Rusty Typestates – Starting Out

nllsh · on Dec 3, 2021

I just read about typestates in Rust on Cliff Biffle's blog here: http://cliffle.com/blog/rust-typestate/#variation-state-type...

He covers a few additional parts of the typestate pattern, such as isolating data in specific states as well as sharing common implementations across a subset of states.

I'd also like to note that typestates also show up in functional programming under Indexed Monads, where a function might take a struct from an initial typestate, unwrap its data, and return a final(likely different) typestate. You can search Indexed Monad for more explanation there. If you work primarily in typescript you can find a production ready implementation of typestate programming here: https://github.com/DenisFrezzato/hyper-ts

Klasiaster · on Dec 3, 2021

Since this often matters when implementing protocols, there is research about session types and verification. Here is a Rust library for session types: https://github.com/Munksgaard/session-types

I believe both have some overlap.

snowytrees · on Dec 3, 2021

The same site has a great introduction (not for rust though) to session types: https://rustype.github.io/notes/notes/session-types.html

thechao · on Dec 3, 2021

My gut feeling is that the combination of typestates and stackless coroutines (really: CSP) would make for a kick-ass driver design. It's pretty solid for the toys I've designed for OpenGLES-2-class drivers.
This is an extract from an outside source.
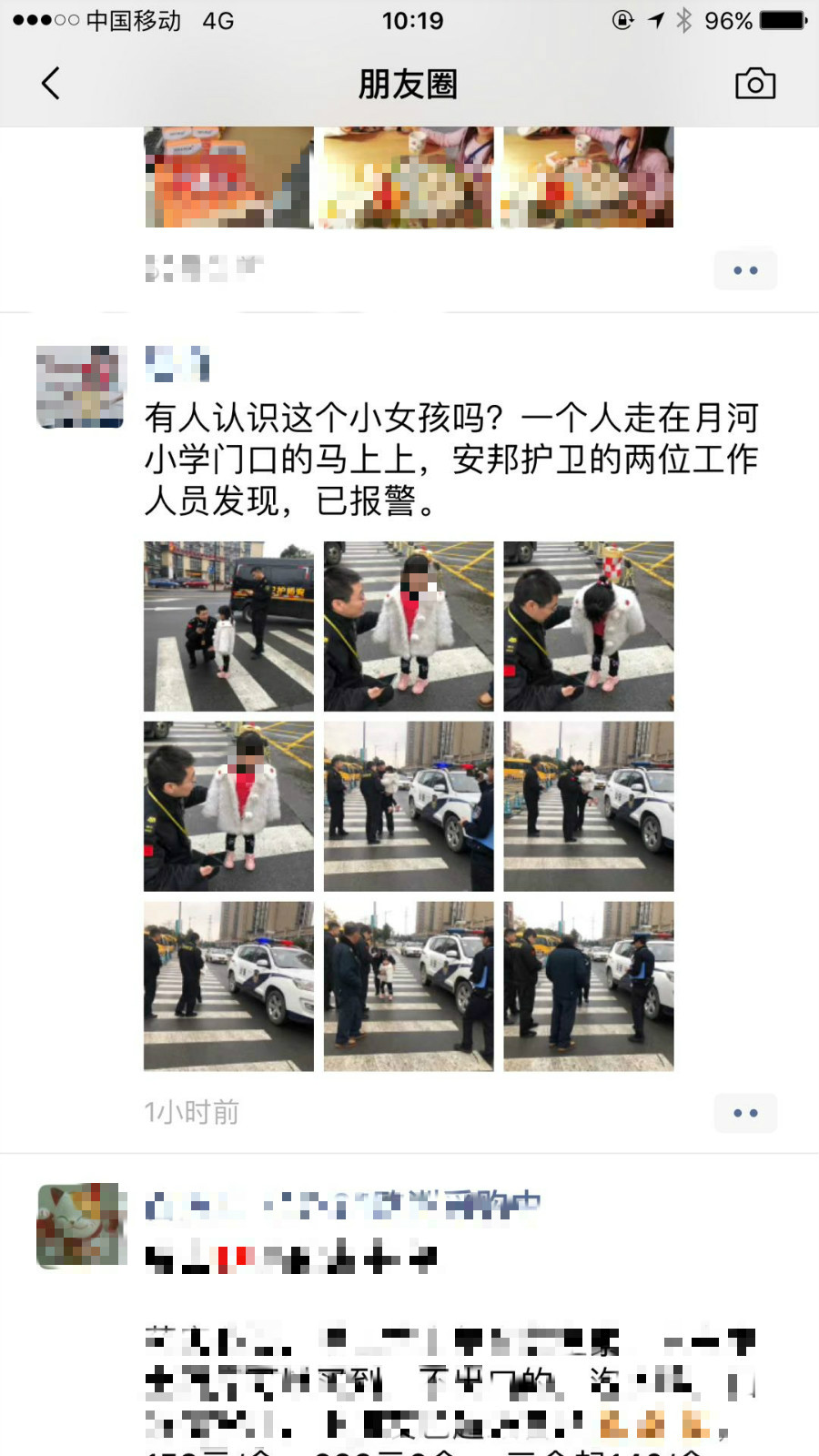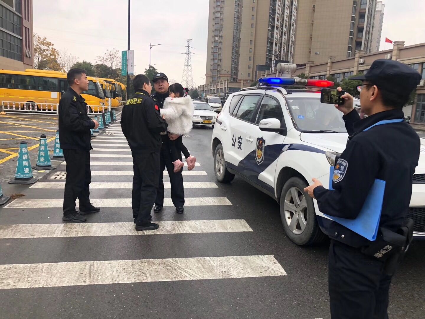12月19日上午9时左右,浙江湖州安邦护卫有限公司员工刘志文、鲁海斌在执行任务至月河小学浮玉校区附近时,发现一名小女孩正独自来回穿梭在马路中间,路上车辆来来往往非常危险。

My gut feeling is that a lot of the command-buffer shenanigans in Vulkan, Metal, and DX45035+ come from trying to make reasoning about driver development tractable, while also not making the users' lives awful.

ohazi · on Dec 4, 2021

In Drone<Hovering>, shouldn't land be:

    fn land(self) -> Drone<Idle> {
        Drone::<Idle>::from(self)
    }

instead of:

    fn land(self) -> Drone<Idle> {
        Drone::<Idle>::new()
    }

Otherwise the position assertions in drone_flies fail, because it's looking at the position of a brand new Drone<Idle>, rather than one based on the position you just flew to.

Edit:

Yes it should. [1]

[1] https://github.com/rustype/drone/blob/main/src/drone.rs#L53

afranchuk · on Dec 4, 2021

Typestates are an excellent way to provide stronger compile time guarantees, and I wish I saw them more in the wild (I have used them myself when appropriate, though I was unaware of the terminology).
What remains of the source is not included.